>>>>>

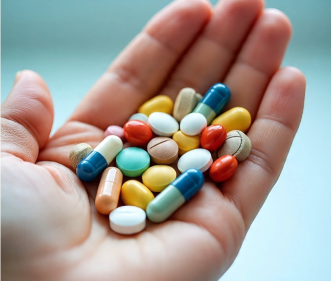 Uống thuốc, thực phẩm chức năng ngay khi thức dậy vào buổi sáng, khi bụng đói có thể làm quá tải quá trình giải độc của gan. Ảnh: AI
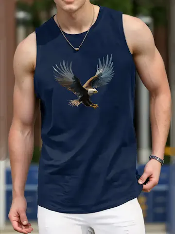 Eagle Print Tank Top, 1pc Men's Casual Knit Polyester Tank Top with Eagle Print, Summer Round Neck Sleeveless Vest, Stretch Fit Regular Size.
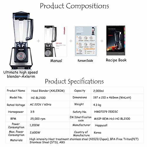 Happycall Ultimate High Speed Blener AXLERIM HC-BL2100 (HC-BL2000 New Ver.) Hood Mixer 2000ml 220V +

<<<<<
>>>>>

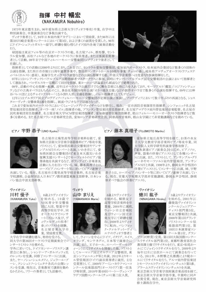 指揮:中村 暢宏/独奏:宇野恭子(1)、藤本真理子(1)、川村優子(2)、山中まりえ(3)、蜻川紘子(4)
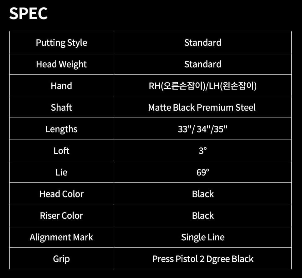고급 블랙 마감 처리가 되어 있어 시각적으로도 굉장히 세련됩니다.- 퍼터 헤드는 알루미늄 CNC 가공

<<<<<
>>>>>

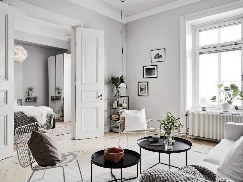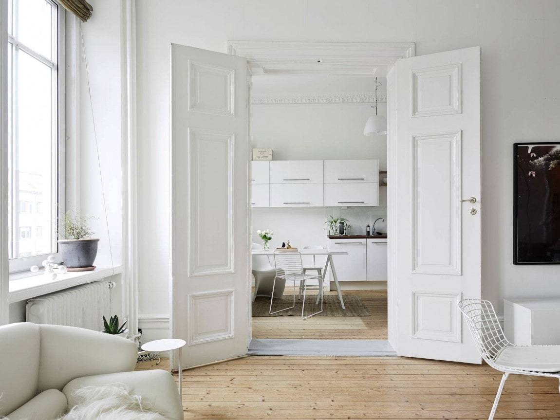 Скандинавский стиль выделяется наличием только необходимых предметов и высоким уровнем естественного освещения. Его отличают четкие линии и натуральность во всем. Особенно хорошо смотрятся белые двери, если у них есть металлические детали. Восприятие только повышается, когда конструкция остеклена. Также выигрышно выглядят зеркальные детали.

<<<<<

Task brief: Starting at the line containing "Eagle Print Tank" and finishing at the line containing "Happycall Ultimate High", return those lines exactly as they appear above, without the pictures.

Answer space:
 Eagle Print Tank Top, 1pc Men's Casual Knit Polyester Tank Top with Eagle Print, Summer Round Neck Sleeveless Vest, Stretch Fit Regular Size.
 Happycall Ultimate High Speed Blener AXLERIM HC-BL2100 (HC-BL2000 New Ver.) Hood Mixer 2000ml 220V +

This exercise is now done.